DATASET ENTRIES:
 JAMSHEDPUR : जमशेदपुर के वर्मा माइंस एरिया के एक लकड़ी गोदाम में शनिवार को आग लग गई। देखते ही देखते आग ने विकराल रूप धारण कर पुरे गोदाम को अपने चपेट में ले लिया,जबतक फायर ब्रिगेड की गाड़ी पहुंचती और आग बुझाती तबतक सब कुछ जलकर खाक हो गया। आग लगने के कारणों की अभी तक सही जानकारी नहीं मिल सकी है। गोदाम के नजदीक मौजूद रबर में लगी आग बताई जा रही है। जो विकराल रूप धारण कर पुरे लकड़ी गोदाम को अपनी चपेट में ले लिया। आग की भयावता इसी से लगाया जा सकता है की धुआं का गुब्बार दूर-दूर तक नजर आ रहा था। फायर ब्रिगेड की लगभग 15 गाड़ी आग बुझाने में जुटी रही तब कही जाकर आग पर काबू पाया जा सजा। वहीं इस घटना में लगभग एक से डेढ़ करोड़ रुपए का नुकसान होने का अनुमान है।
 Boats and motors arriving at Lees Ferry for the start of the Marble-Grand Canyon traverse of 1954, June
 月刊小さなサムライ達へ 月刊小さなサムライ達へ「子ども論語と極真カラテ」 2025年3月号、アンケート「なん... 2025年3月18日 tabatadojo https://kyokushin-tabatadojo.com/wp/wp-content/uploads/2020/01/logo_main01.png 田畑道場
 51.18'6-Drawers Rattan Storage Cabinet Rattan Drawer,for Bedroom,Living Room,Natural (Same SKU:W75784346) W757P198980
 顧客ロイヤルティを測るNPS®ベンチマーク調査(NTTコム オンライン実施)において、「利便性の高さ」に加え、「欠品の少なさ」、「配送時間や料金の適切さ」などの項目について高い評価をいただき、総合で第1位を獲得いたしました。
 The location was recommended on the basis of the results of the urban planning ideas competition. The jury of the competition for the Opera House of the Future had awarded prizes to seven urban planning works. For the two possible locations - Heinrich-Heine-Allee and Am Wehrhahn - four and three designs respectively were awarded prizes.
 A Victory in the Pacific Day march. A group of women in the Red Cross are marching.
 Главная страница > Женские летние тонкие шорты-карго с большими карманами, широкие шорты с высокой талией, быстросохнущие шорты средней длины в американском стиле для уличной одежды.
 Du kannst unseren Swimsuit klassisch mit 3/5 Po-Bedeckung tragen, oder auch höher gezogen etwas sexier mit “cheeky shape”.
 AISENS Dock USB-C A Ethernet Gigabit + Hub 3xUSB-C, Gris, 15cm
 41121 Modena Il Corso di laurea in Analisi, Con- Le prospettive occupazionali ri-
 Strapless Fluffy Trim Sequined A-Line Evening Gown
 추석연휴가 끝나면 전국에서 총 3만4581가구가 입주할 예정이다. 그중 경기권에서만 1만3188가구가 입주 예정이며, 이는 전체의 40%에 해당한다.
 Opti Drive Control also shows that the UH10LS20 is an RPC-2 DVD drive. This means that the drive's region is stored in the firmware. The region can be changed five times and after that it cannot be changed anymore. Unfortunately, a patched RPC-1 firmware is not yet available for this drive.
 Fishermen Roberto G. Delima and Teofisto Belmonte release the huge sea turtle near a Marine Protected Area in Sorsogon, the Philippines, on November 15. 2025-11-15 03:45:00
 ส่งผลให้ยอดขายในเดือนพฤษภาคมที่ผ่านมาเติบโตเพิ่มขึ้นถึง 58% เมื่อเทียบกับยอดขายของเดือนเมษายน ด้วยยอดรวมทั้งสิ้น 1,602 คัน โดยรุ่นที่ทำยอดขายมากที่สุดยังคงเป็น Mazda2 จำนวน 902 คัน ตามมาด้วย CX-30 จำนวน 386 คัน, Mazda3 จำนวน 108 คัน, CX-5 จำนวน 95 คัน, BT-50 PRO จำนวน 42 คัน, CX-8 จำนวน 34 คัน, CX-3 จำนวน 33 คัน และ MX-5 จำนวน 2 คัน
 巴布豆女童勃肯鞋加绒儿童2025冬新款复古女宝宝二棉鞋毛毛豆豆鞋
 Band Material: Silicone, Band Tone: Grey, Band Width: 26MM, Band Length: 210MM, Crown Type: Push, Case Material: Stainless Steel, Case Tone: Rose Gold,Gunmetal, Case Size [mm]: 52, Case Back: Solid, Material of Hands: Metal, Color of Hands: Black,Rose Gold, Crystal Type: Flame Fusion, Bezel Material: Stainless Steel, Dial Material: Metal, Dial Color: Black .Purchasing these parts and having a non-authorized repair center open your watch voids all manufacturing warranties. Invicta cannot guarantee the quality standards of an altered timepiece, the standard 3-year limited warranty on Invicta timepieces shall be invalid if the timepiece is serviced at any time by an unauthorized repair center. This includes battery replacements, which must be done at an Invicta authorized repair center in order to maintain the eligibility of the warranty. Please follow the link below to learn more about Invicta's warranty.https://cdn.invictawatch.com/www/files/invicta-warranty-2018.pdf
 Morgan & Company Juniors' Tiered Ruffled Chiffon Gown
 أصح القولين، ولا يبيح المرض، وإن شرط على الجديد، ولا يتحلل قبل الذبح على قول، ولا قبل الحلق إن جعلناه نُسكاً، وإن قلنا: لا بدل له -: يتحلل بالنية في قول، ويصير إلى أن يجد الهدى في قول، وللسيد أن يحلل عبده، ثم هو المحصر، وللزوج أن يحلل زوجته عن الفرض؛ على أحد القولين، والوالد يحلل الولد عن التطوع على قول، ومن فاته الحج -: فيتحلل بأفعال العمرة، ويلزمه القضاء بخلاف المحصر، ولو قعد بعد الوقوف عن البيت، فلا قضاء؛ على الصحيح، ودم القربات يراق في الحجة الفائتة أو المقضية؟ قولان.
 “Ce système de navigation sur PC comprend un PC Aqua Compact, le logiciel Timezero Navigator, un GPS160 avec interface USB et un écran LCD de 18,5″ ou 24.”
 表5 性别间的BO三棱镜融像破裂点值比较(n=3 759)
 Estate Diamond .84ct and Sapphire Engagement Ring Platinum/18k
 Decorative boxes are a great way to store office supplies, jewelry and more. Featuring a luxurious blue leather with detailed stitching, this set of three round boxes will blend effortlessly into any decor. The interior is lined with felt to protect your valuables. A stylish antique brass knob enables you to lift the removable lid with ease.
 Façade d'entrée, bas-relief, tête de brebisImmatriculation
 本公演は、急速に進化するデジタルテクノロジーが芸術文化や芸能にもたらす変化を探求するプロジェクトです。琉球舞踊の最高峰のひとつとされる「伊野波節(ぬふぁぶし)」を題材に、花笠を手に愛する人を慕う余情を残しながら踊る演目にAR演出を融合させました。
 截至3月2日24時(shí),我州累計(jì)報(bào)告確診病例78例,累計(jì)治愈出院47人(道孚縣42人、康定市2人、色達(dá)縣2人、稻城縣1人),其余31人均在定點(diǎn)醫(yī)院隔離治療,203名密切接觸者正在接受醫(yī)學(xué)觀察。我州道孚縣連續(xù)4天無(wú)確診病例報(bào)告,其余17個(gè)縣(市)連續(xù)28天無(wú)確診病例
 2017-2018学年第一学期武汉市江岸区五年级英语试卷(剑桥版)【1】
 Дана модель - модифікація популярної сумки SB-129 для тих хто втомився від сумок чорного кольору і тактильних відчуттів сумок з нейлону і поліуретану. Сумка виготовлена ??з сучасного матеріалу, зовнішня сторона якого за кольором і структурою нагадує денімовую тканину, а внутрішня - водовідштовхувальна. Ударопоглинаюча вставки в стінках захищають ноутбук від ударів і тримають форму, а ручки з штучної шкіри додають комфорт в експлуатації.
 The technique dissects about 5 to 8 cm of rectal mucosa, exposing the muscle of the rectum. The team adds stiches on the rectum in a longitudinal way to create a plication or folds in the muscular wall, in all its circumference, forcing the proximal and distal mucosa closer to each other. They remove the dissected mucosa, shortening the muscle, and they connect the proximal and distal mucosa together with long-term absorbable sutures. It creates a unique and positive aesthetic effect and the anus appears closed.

THE TASK: Restate word for word the entries above, starting at the line with "巴布豆女童勃肯鞋加绒儿童2025冬新款复古女宝宝二棉鞋毛毛豆豆鞋" and ending at the line with "Morgan & Company", inclusive, and no others.

EXERCISE RESULT:
 巴布豆女童勃肯鞋加绒儿童2025冬新款复古女宝宝二棉鞋毛毛豆豆鞋
 Band Material: Silicone, Band Tone: Grey, Band Width: 26MM, Band Length: 210MM, Crown Type: Push, Case Material: Stainless Steel, Case Tone: Rose Gold,Gunmetal, Case Size [mm]: 52, Case Back: Solid, Material of Hands: Metal, Color of Hands: Black,Rose Gold, Crystal Type: Flame Fusion, Bezel Material: Stainless Steel, Dial Material: Metal, Dial Color: Black .Purchasing these parts and having a non-authorized repair center open your watch voids all manufacturing warranties. Invicta cannot guarantee the quality standards of an altered timepiece, the standard 3-year limited warranty on Invicta timepieces shall be invalid if the timepiece is serviced at any time by an unauthorized repair center. This includes battery replacements, which must be done at an Invicta authorized repair center in order to maintain the eligibility of the warranty. Please follow the link below to learn more about Invicta's warranty.https://cdn.invictawatch.com/www/files/invicta-warranty-2018.pdf
 Morgan & Company Juniors' Tiered Ruffled Chiffon Gown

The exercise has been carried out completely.